Rodney had come out from England specially to save the British West Indies from De Grasse. And even more than the fate of the 'sugar islands' depended on his efforts. 'The fate of this Empire,' were the last words of the First Lord of the Admiralty (Lord Sandwich) to Rodney before he sailed, 'the fate of this Empire is in your hands!' He forced his way across the ocean in mid-winter, battling through a series of fierce storms that day after day threatened to tear the masts out of his ship. 'Ushant,' wrote Rodney to his wife, 'we have weathered in a storm but two leagues, the sea mountains high, which made a fair breach over the Formidable and the Namur, but it was necessary for the public service that every risk should be run. Persist and conquer is a maxim that I hold good in war, even against the elements, and it has answered.' It did answer. Rodney arrived to find that there were still four islands left to Great Britain. All our West Indian possessions had fallen except Jamaica, Barbados, Antigua, and St. Lucia. St. Kitts, Nevis, Montserrat, and Demerara had been taken, actually, while Rodney was on his way out. De Grasse when Rodney arrived was refitting for a yet more audacious project at Fort Royal, Martinique, the Portsmouth of the French navy in the West Indies; and to be on the spot to intercept him and bring him to decisive battle at the first chance, Rodney anchored his fleet in the nearest available harbour, within touch and almost within sight of the French fleet, in the roadstead of Gros Islet Bay, St. Lucia.

Both fleets during March and the first week of April were hard at work refitting. Twelve of Rodney's ships had come out from England with him and wanted little; the others of the thirty-six, however, belonged to the fleet originally on the station, and after the trying time of it they had had during the past six months, including two sharp fights with the French, were badly in need of a refit. De Grasse's fleet was in like case.
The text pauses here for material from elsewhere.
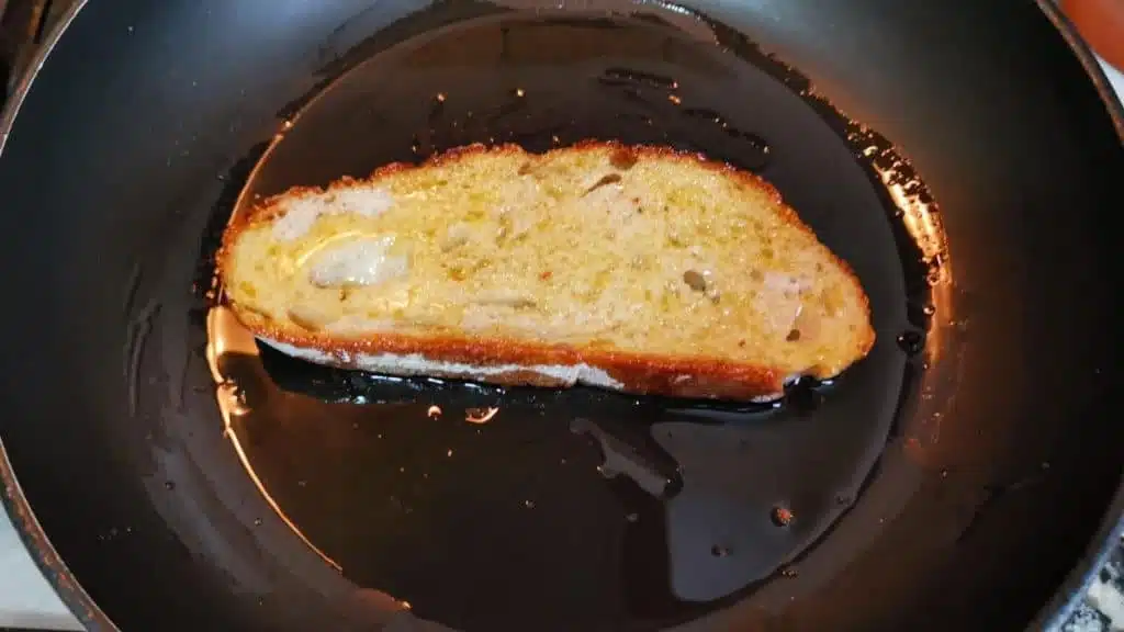 1. Scaldare dell’olio d’oliva extra in una padella e aggiungere una fetta di pane. Rivestirlo su entrambi i lati in olio d’oliva e tostarlo fino a quando entrambi i lati sono croccanti.

The arrival of convoys from home, however, with war stores and supplies of all kinds for both fleets, towards the end of March, made it all but certain that the month of April would not go by without a battle in the open sea.

Those days in Gros Islet Bay proved to Rodney of vital importance. Secret intelligence came to hand which disclosed to him the enemy's entire plan of campaign. A gigantic and startling project was on foot. An elaborate and wide-reaching combination had been designed in which a Franco-Spanish army and a Franco-Spanish fleet were both to take part, the operations being projected on a scale far beyond anything hitherto attempted in the war on either side. It aimed at nothing less than the sweeping of the British flag out of the West Indies by one tremendous and overmastering coup.